Comment by The Flying Atheist on May 20, 2017 at 12:28pm

I've never eaten chive blossoms.  At my childhood home my mother always had a big chive plant in the garden but we used the green parts only.  During the summer months we practically never ate a salad without the addition of chives.  

Comment by Idaho Spud on May 20, 2017 at 11:31am

I don't use that notation, but my guess is that 3-4' is 3 to 4 minutes cooking time.

Comment by Plinius on May 20, 2017 at 7:52am

Looks good, Randall! But help the foreigners a bit: how much is (3-4') or (2-3')? 

Comment by Randall Smith on May 20, 2017 at 7:22am

Just passing on my recipe for chive blossoms--they're blooming now. I'll use my cast iron skillet to cook asparagus with sesame seeds (3-4'), toss in chive blossoms (2-3'), and add soy sauce. With quinoa (or rice), it's delicious. Cooking time depends on how crunchy you like asparagus. I had a sweet potato on the side, plus a green salad and fruit (fresh strawberries from my garden!).   Except for the soy sauce and quinoa, everything came directly from the garden.

Comment by Daniel W on May 14, 2017 at 7:46pm

I think, like the country, Korean food is between North Chinese and Japanese food.  There's a lot of tart and spicy.  Another restaurant in Portland serves stone bowls of Korean stews that are so hot, they give you an egg to break into the stew.  It cooks quickly, leaving strands and chunks of freshly cooked egg in the stew.  Physically hot and spicy hot.   And I love kimchee. 
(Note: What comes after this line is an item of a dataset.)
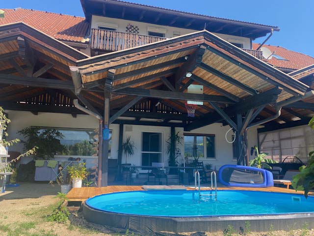 Zum Verkauf steht eine exklusive Wohnung in einer charmanten Liegenschaft mit insgesamt drei Wohneinheiten – gelegen in einer ländlichen Ruhelage mit herrlichem Bergblick und ganztägiger Sonneneinstrahlung. Die Wohnung befindet sich im Erdgeschoss und bietet drei Zimmer, 1 Bad mit Fenster , 2 WCs (1 mit Fenster ), 1 Abstellraum , großes Wohnzimmer mit Zugang zur überdachten Terrasse sowie zum Pool und der Outdoor-Küche und den Garten/Außenbereiche.
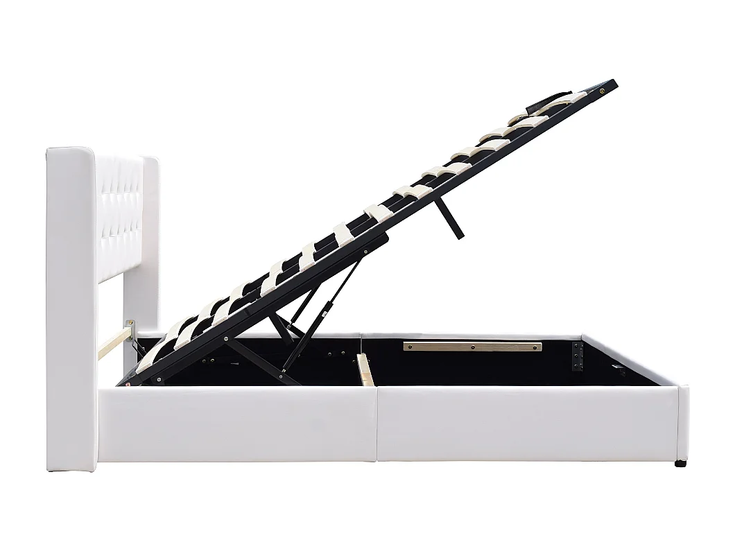 Lit coffre de rangement 140x200 cm avec tête de lit capitonnée - Montage facile - 14 lattes - revêtement PVC facile d'entretien

Comment by The Flying Atheist on May 14, 2017 at 6:09pm

All your food looks great, Daniel.  Tasty eating!  

I don't believe I've had Korean food either.  Yes, to Thai, Japanese, Vietnamese, and Chinese, though.  I'll have to continue my culinary journey to some new spots.   

Comment by Randall Smith on May 14, 2017 at 6:53am

Don't know if I've ever had Korean food. Looks worth a try.

Comment by Lilac on May 13, 2017 at 10:55pm

All of that looks so delicious!

Comment by Daniel W on May 13, 2017 at 10:47pm

Tonight we went to a Korean noodle house.  Oh wow, those were good.  The kitchen is in view of the dining area, tiny place.  You can watch the cook stretch the noodle dough by hand, pulling into long noodles, slapping it on the board, folding, and pulling again.  The noodles come out chewey, stretchy, and the sauce binds to them so tasty.

Today's bread loaf was sourdough with onions and sundried tomatoes.  I sauteed the onions in olive oil before incorporating into the bread dough.  The tomatoes were Romas that I sliced thin and dehydrated last summer.    This was the first try for onion bread, I thought it was one of the better loafs so far.